For my part, one of the biggest realization I had after many years of applying
machine learning was that I got too caught up in the machine learning
algorithms themselves. I was often way too eager to guess and check across
different algorithms and parameters in search of higher accuracy. Fortunately,
there are new automated tools today that can do that automatically.

However, the key piece of advice I'd give someone new to machine learning is
not to get caught up in the different machine learning techniques (SVM vs
random forrest vs neural network, etc). Instead (1) spend more time on
translating your problem into terms a machine can understand (i.e how are you
defining and generating your labels) and (2) how do you perform feature
engineering so the the right variables are available for machine learning to
use. Focusing on these two things helped me build more accurate models that
were more likely to be deployed in the real world.

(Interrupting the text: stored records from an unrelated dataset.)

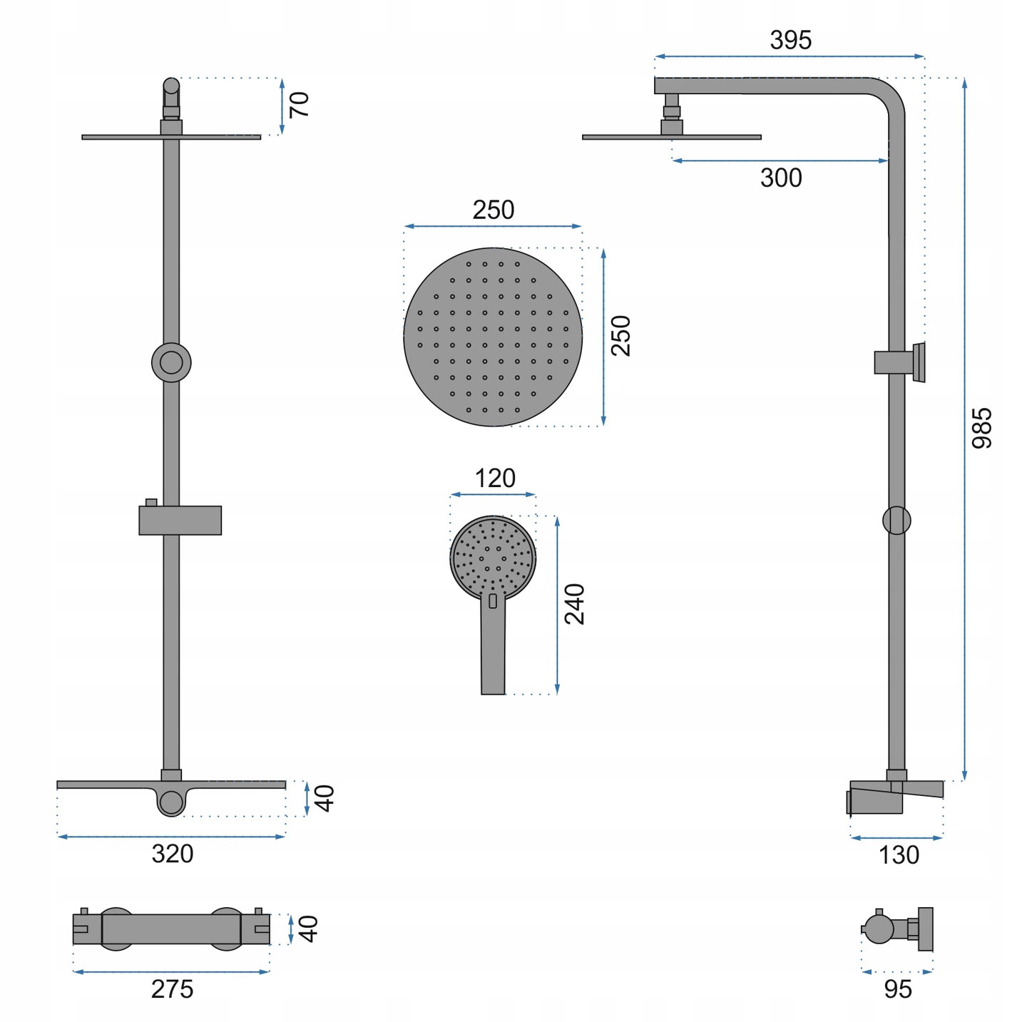 - Розмір душу: 25 x 25 см
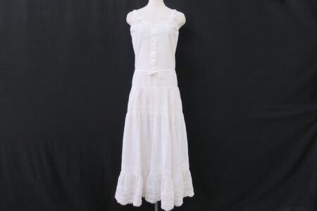 カネコイサオ ロングワンピースを宅配買取ご利用のお客様より買取しました。幅広い世代の女性から支持の高いブランド。女性の憧れを叶えてくれるような甘くてどこか落ち着いた要素のバランスが絶妙なブランドです。爽やかな白が眩しい1着。主張が抑えめなフリルやリボンも幅広く使えるポイントです。
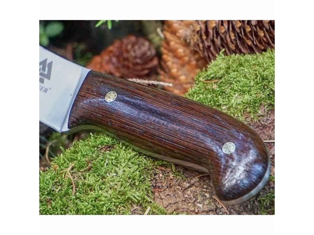 Tento nůž je především určen k porcování, řezání a stahování zvěře. Stal se klíčovým nástrojem pro život na horských pastvinách, ale také nezbytným pro jatka, řeznictví a restaurace. Řeznický nůž Dellinger NORRAD2 Butcher je ručně kovaný a zpracovaný z oceli D2. Po přesném a pečlivém vytvrzení, temperování a žíhání dosahuje tvrdosti Rockwell 60-62 (HRC). Jeho ostří jen tak někdo, nebo něco nepoškodí. Nádherná rukojeť tohoto nože je ručně tvarována z kusu afrického tvrdého dřeva Wenge, které je olejováno Tungovým olejem a voskováno včelím voskem. Rukojeť je ozdobena 2 okrasnými nýtami.
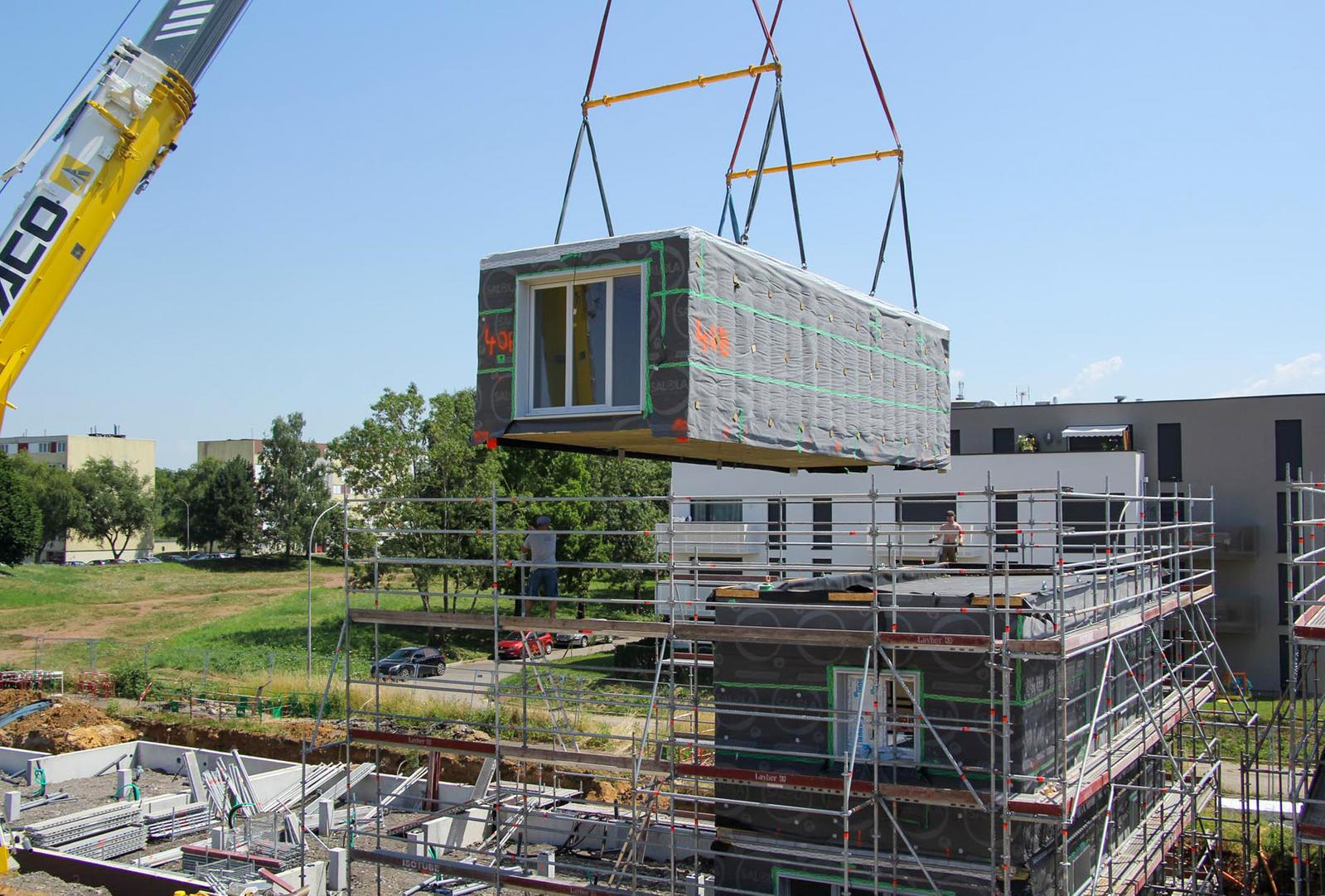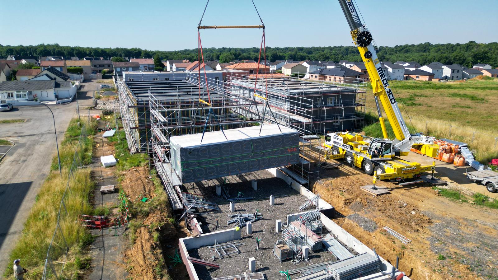 Le chantier s’est déroulé dans un délai performant de 10 mois entre la pose des modules et la livraison des logements. Ce calendrier serré est rendu possible grâce à la préfabrication industrielle en filière sèche, qui permet de sécuriser les délais tout en limitant les imprévus liés aux conditions météorologiques.

Feature engineering in particular has become a bit of a passion of mine since
that realization. I currently work on an open source project called
Featuretools
([https://github.com/featuretools/featuretools/](https://github.com/featuretools/featuretools/))
that aims help people apply feature engineering to transactional or relational
datasets. We just put out a tutorial on building models to predict what
product a customer will buy next, which is a good hands on example to learn
from
[https://github.com/featuretools/predict_next_purchase](https://github.com/featuretools/predict_next_purchase)
for beginners.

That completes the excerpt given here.